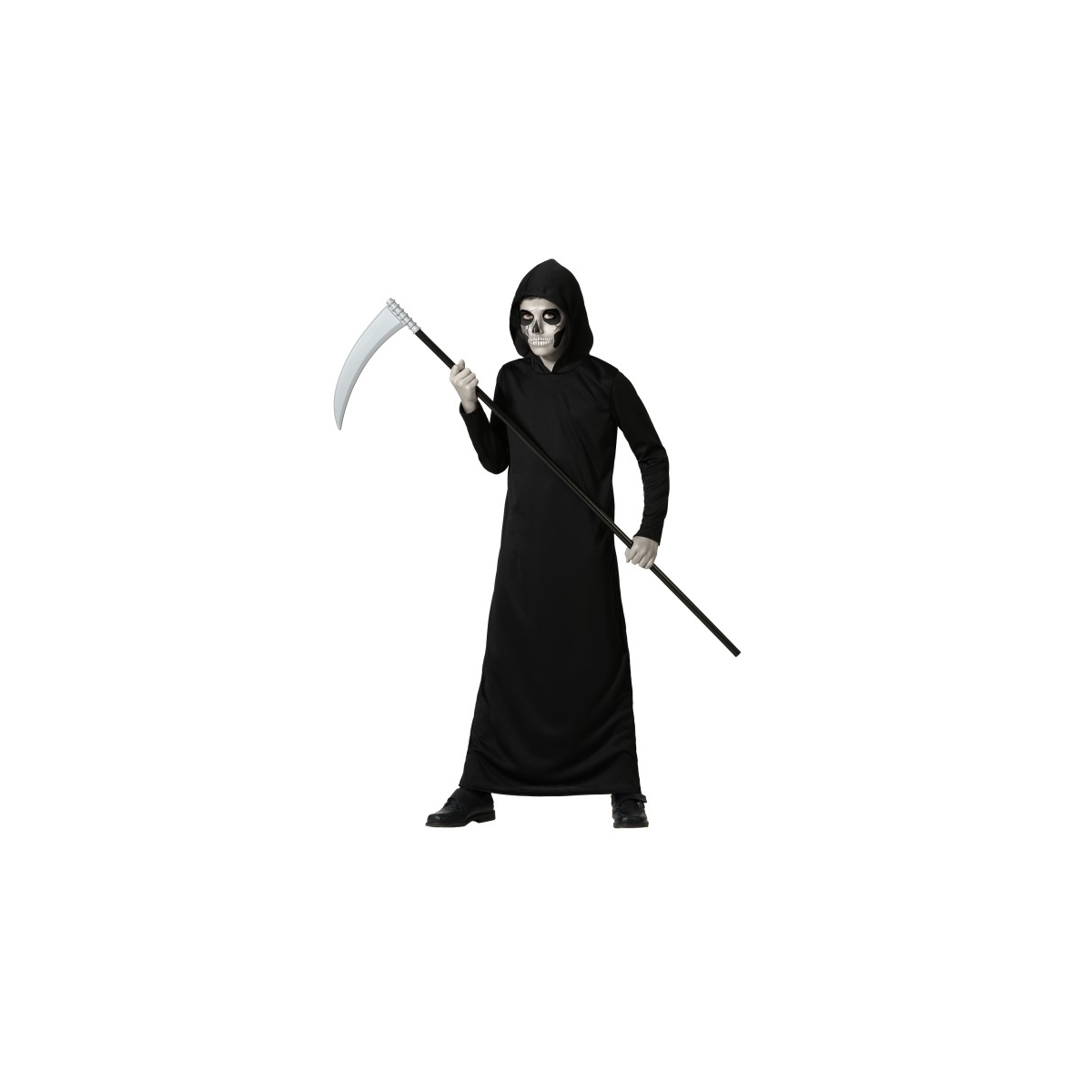 Este disfraz infantil tenebroso para niños y niñas de 3 a 4 años es perfecto para crear un personaje misterioso y oscuro en Halloween, Carnaval o fiestas temáticas. Está compuesto por una túnica negra larga de diseño sencillo y una capucha integrada que aporta un aire inquietante sin resultar incómodo para los más pequeños.
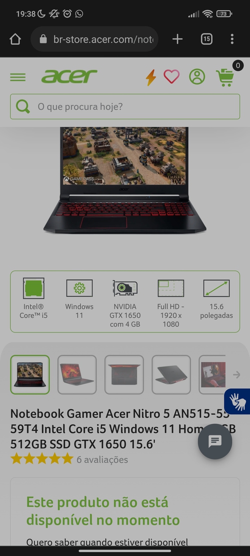 @MukRana Qdo simulei o preço final no AME ele não fica visível no site da Acer, o app do AME só abre qdo finaliza a compra. Nesse momento deve sair do estoque.
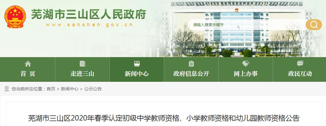 從蕪湖市三山區(qū)人民政府獲悉,2020春季安徽蕪湖市三山區(qū)認(rèn)定中學(xué)小學(xué)和幼兒園教師資格公告已公布,網(wǎng)上申報時間為7月19日至23日,具體詳情如下:
+ + + + +
DESCRIPTION OF THE TASK ▸
Write out the whole listing exactly. Do not include the pictures.

ANSWER BOX ▸
 Este disfraz infantil tenebroso para niños y niñas de 3 a 4 años es perfecto para crear un personaje misterioso y oscuro en Halloween, Carnaval o fiestas temáticas. Está compuesto por una túnica negra larga de diseño sencillo y una capucha integrada que aporta un aire inquietante sin resultar incómodo para los más pequeños.
 @MukRana Qdo simulei o preço final no AME ele não fica visível no site da Acer, o app do AME só abre qdo finaliza a compra. Nesse momento deve sair do estoque.
 從蕪湖市三山區(qū)人民政府獲悉,2020春季安徽蕪湖市三山區(qū)認(rèn)定中學(xué)小學(xué)和幼兒園教師資格公告已公布,網(wǎng)上申報時間為7月19日至23日,具體詳情如下:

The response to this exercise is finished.